# Working in Google CoLab Setup

This sheet gives a detailed explanation and prep work code needed to run the project properly in Google CoLab.  You will need your Kaggle username as well as your Kaggle API key.  Furthermore, when running the lab itself, you might need to decrease the patience (which will affect the end results) for the more complex models. 

## Download the Data

This section goes through preparing the Google CoLab environment to receive and download the dataset from Kaggle.  Again, please note you will need to have your Kaggle username and API key on hand. 

In [None]:
# Imports 

import json
import os
import shutil

import numpy as np
np.random.seed(88)

import tensorflow as tf
tf.random.set_seed(88)

In [None]:
# Prep Google CoLab environment to download data from Kaggle
!mkdir ~/.kaggle
!touch ~/.kaggle/kaggle.json

username = ''  ## Your Kaggle username
api_key = ''  ## Your Kaggle API key

api_token = {"username": username,
             "key": api_key}

with open('/root/.kaggle/kaggle.json', 'w') as file:
    json.dump(api_token, file)

!chmod 600 ~/.kaggle/kaggle.json

In [None]:
# Download the dataset from Kaggle
!kaggle datasets download -d paultimothymooney/chest-xray-pneumonia

In [1]:
# This cell unzips the downloaded data
shutil.unpack_archive('chest-xray-pneumonia.zip', '/content')

## Preview the Data

The Original Dataset is already presorted into train/validate/test groups.  However, less than 1% of the data was assigned to the validation folder.  For the purposes of this project, approximately 10% of the images from the train set were transferred to the validation set to get closer to an 80/10/10 split between the train/validate/test groups. 

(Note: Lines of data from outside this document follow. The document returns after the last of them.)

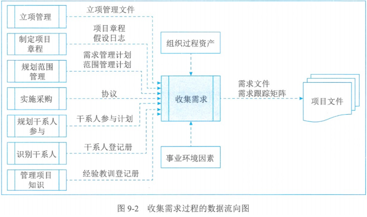 | 收集需求 | 需求文件、需求跟踪矩阵 | 专家判断、数据收集、数据分析、决策、数据表现、人际关系与团队技能、系统交互图、原型法 | 立项管理文件、项目章程、项目管理计划、项目文件、协议、事业环境因素、组织过程资产 |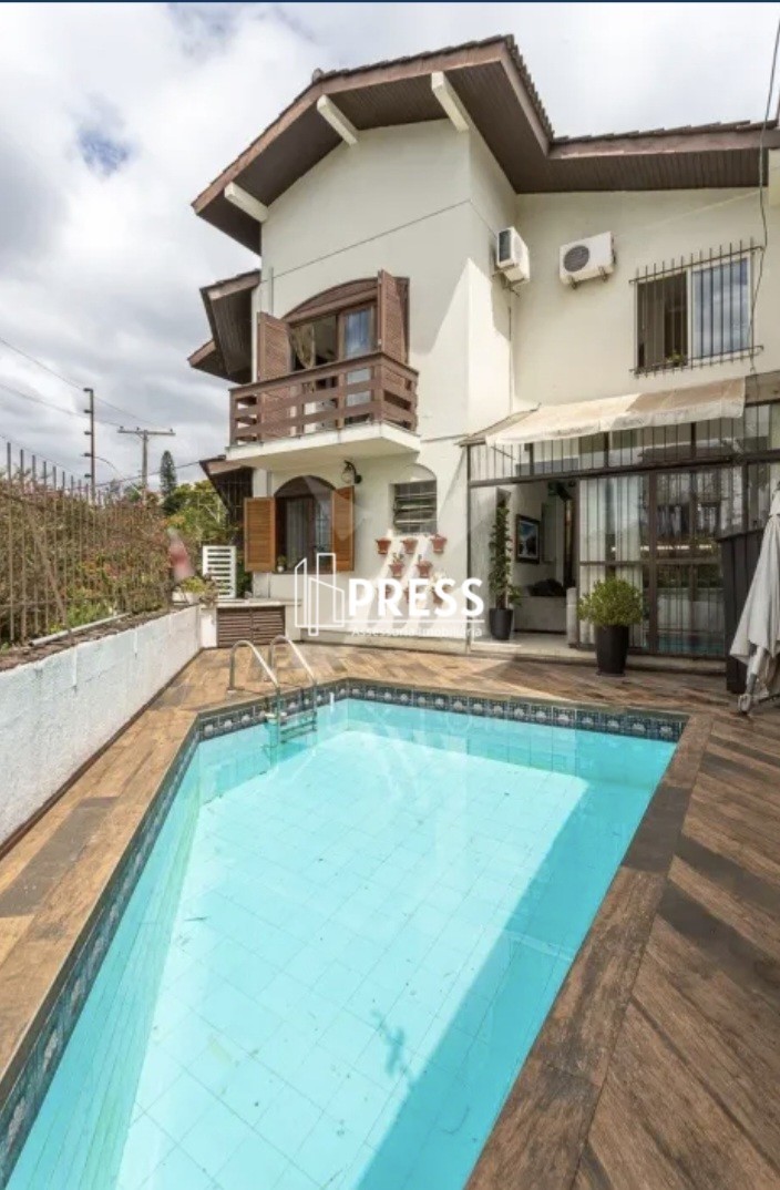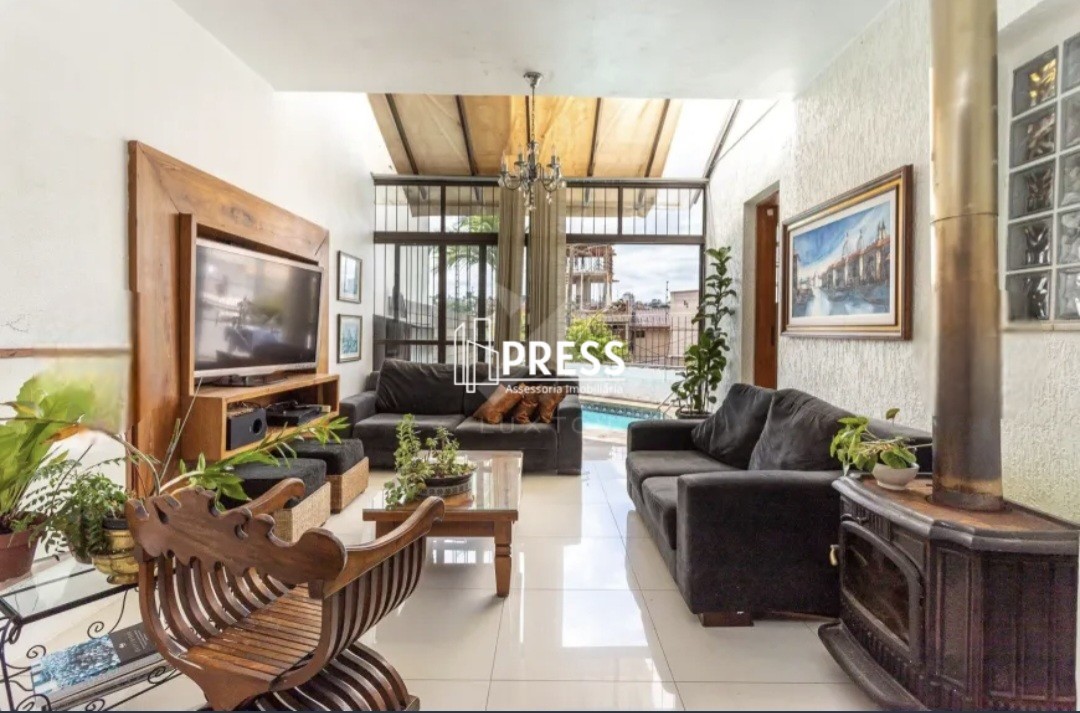 Press vende espetacular casa com 3 dormitórios, garagem para 4 carros, suíte, 3 banheiros, lareira, churrasqueira, piscina, área de serviço e muito mais.Se busca conforto, espaço e tranquilidade o imóvel é esse! Uma casa de dois andares, garagem para 4 carros, gás central, ventilação natural, bem iluminada, piscina térmica, pergolado, segura por cerca elétrica, quintal com área de serviço, churrasqueira, banheiro e cozinha para receber bem seus convidados. Ao entrar pelo hall de entrada você se depara com uma formidável sala com piso em tabuão, lareira, aberturas em madeira e portas grandes de correr, passa por cozinha espaçosa e sobe por uma linda escada de madeira para acessar 3 dormitórios com piso vinilico, banheiros com hidromassagem,cada um com closet , sacada para iluminação e ventilação direta.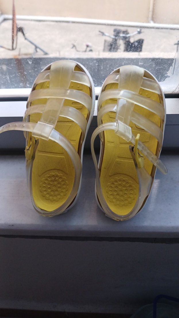 Bu açık sarı kauçuk unisex çocuk terlikleri, tokalı kayışıyla sağlam bir tutuş sağlar. Desensiz ve modaya uygun avant-garde tarzda tasarlanmıştır. çok az giyildi kusursuz ve rahat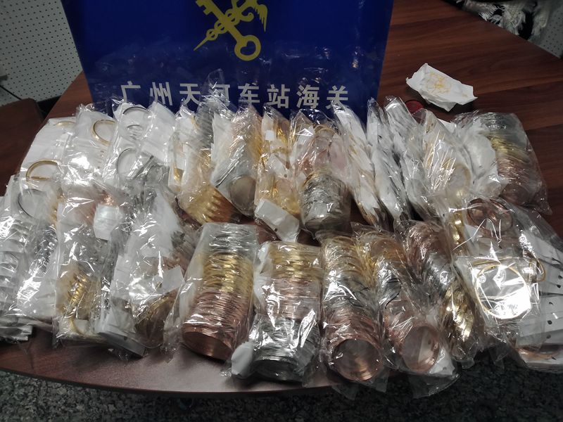 11月25日上午,天河車站海關關員在一名出境旅客隨身行李中查獲未向海關申報的“Cattier”、“Hermes”、“Chanel”、“Gucci”等知名品牌的手鐲,這批手鐲做工低劣,包裝簡陋,共計482件,涉嫌侵犯卡地亞、愛馬仕、香奈兒、古馳等8個知名品牌的知識產權。據當事人稱,該批手鐲總價僅3800元,無法提供相關知識產權證明。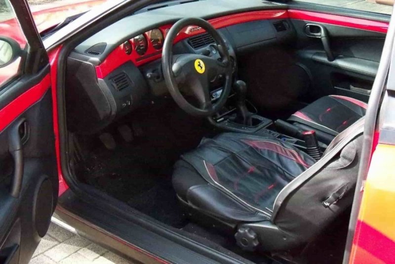 Салон також має помітні сліди віку та зношення. Втім, на кермі встановлено яскраво-жовтий логотип Ferrari, який і створює головний ефект цієї «переробки».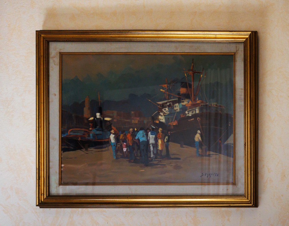 Veduta di molo con battello e figure Pittore italiano del XX secolo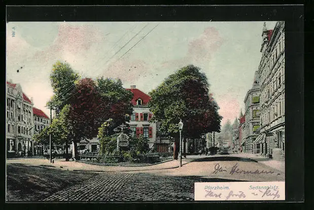 AK Pforzheim, Häuserzeilen am Sedansplatz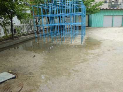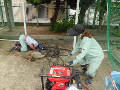 職員室前の花壇には、地域の方からいただいたマリーゴールドがきれいに咲いています。さて、学校ではいろいろなことが起こります。プールの水を排水するとジャングルジム付近のマンホールから、水があふれるようになりました。排水管がつまっていました。管理作業員さんに機械を使って通す作業をしてもらっています。なかなか時間がかかります。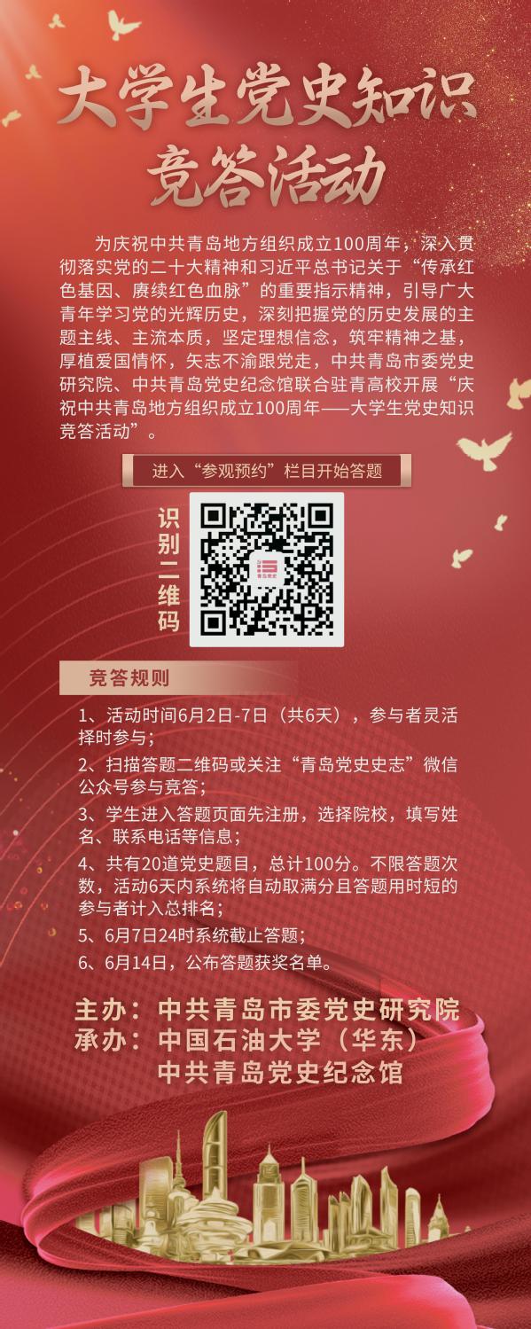 接中共青岛市委党史研究院、中共青岛党史纪念馆《关于联合举办大学生党史知识竞答活动的函》,为庆祝中共青岛地方组织成立100周年,深入贯彻落实党的二十大精神和习近平总书记关于“传承红色基因、践行初心使命,不断提升党的建设质量和水平”的重要指示精神,引导大学生学习党的光辉历史,深刻把握党的历史发展的主题主线、主流本质,坚定理想信念,筑牢精神之基,厚植爱国情怀,矢志不渝跟党走,中共青岛市委党史研究院、中共青岛党史纪念馆拟联合贵校共同举办“庆祝青岛党组织成立100周年——大学生党史知识竞答活动”。现将有关安排通知如下: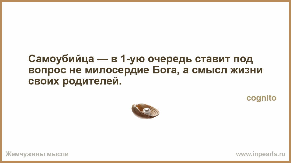 Самоубийца — в 1-ую очередь ставит под вопрос не милосердие Бога, а смысл жизни своих родителей.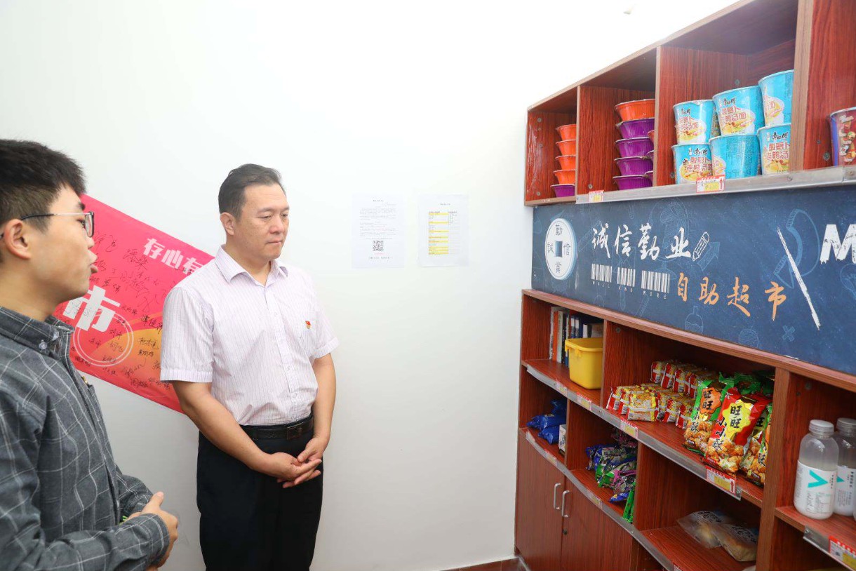 10月18日上午,中央第三指导组成员、中央组织部公务员二局二级巡视员李涛同志莅临材料学院勤业诚信自助超市,调研和指导相关工作。中央第三指导组成员、教育部社会科学司社会科学科研处二级调研员段洪波,校党委党建办主任、组织部副部长廖志丹,学生处副处长袁国柱、陈泗林以及材料学院相关领导陪同考察。
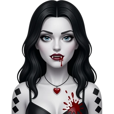 Quero uma mulher igual a personagem katherine Pierce soq mais gótica e em forma de vampira com um colar de coração simples transparente com sangue lá dentro e sangue em suas presas e borrife sangue perto de seus seios, deixe ela com um top "tomara que caia" e o colar menor emoji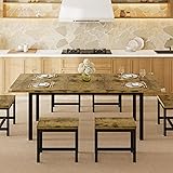 Einhomn 7-Piece Dining Table Set, 63" Extendable Kitchen Room Table with 6 Stools, Mid Century Modern Dinner Table with Metal Frame & MDF Board, Space-Saving, Easy Assembly, Rustic Brown

The below section goes through the process of investigating the file organization of the downloaded data.  For a better understanding of the project, you can run through this code.  If you already are comfortable with this, feel free to skip to the next section where the images are moved from train to validate. 

In [None]:
# View structure of the raw downloaded data
print(os.listdir('./chest_xray'))

# View structure of train folder
print(os.listdir('./chest_xray/train'))

In [None]:
print(len(os.listdir('./chest_xray/train/NORMAL')))

In [None]:
len_normal_train = len(os.listdir('./chest_xray/train/NORMAL'))
len_pneu_train = len(os.listdir('./chest_xray/train/PNEUMONIA'))
len_total_train = len_normal_train + len_pneu_train

print("There are", len_normal_train, "normal xrays in the training set.")
print("There are", len_pneu_train, "pneumonia xrays in the training set.")
print("There are", len_total_train, "images total in the training set.\n")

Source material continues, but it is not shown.